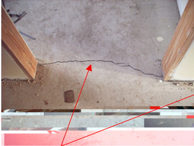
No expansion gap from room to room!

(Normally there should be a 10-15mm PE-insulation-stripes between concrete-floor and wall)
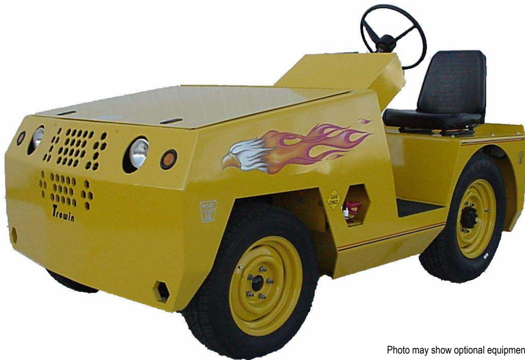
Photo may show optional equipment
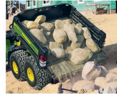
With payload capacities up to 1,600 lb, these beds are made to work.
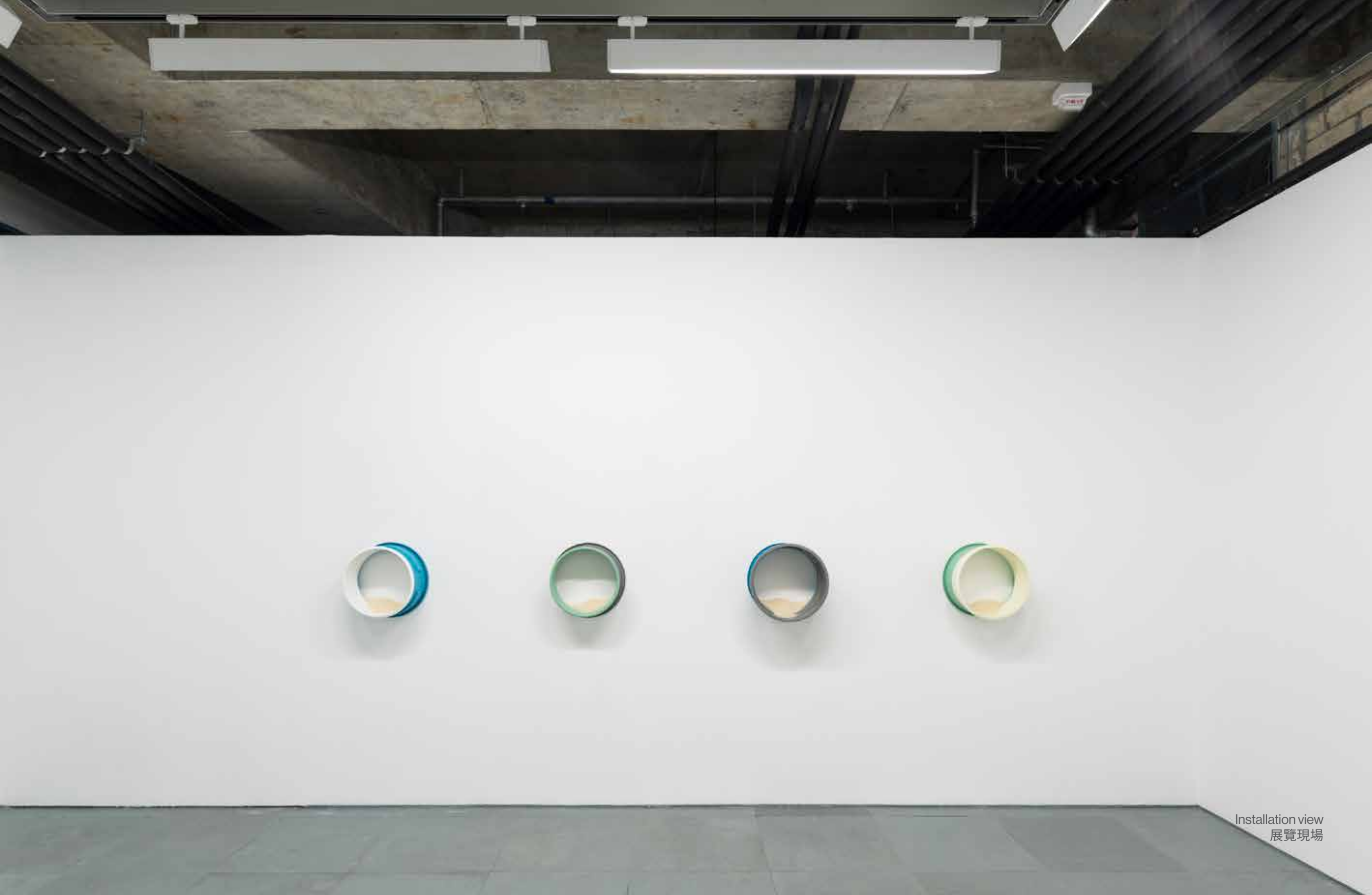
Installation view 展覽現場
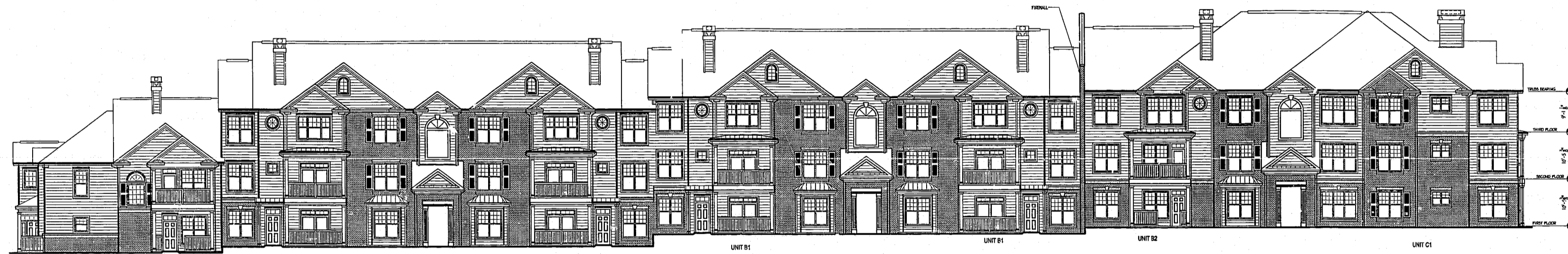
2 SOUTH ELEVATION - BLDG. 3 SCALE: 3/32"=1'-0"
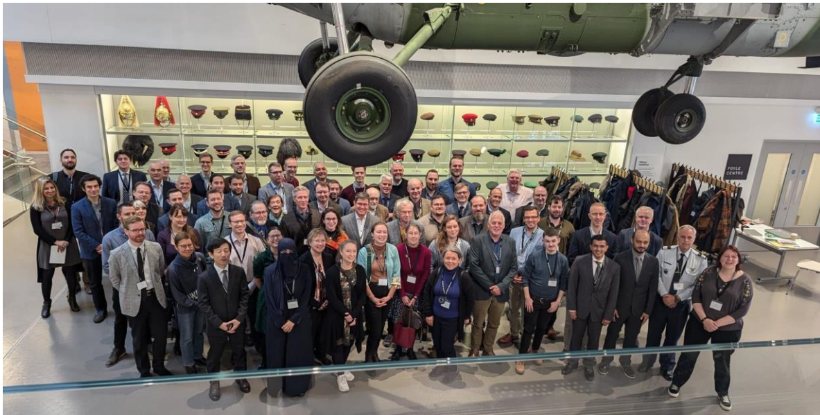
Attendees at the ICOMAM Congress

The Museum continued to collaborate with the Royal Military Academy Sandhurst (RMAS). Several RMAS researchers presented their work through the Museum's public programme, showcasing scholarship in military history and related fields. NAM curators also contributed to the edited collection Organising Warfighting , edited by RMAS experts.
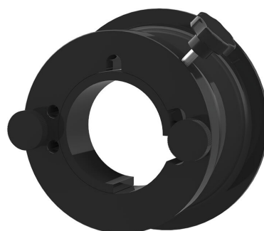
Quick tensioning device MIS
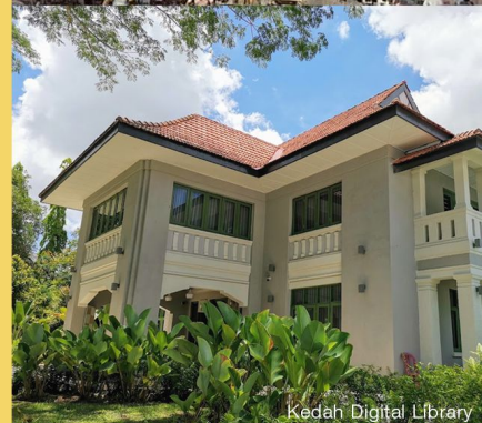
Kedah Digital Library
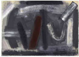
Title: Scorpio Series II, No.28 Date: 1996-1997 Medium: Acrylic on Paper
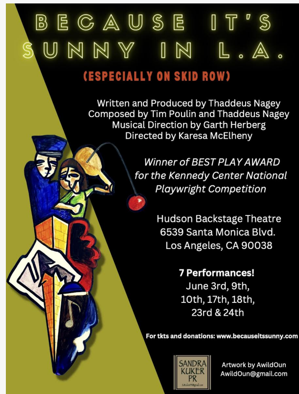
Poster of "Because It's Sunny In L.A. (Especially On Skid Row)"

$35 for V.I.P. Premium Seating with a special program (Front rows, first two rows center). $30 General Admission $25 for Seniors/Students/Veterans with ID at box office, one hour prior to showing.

• • • • • • •

(WORK REQUEST) Using the entries above, write out exactly the lines from the one with "Installation view 展覽現場" through the one with "Kedah Digital Library", ends included. Leave out any pictures.

(RESPONSE BOX)
Installation view 展覽現場
2 SOUTH ELEVATION - BLDG. 3 SCALE: 3/32"=1'-0"
Attendees at the ICOMAM Congress

The Museum continued to collaborate with the Royal Military Academy Sandhurst (RMAS). Several RMAS researchers presented their work through the Museum's public programme, showcasing scholarship in military history and related fields. NAM curators also contributed to the edited collection Organising Warfighting , edited by RMAS experts.
Quick tensioning device MIS
Kedah Digital Library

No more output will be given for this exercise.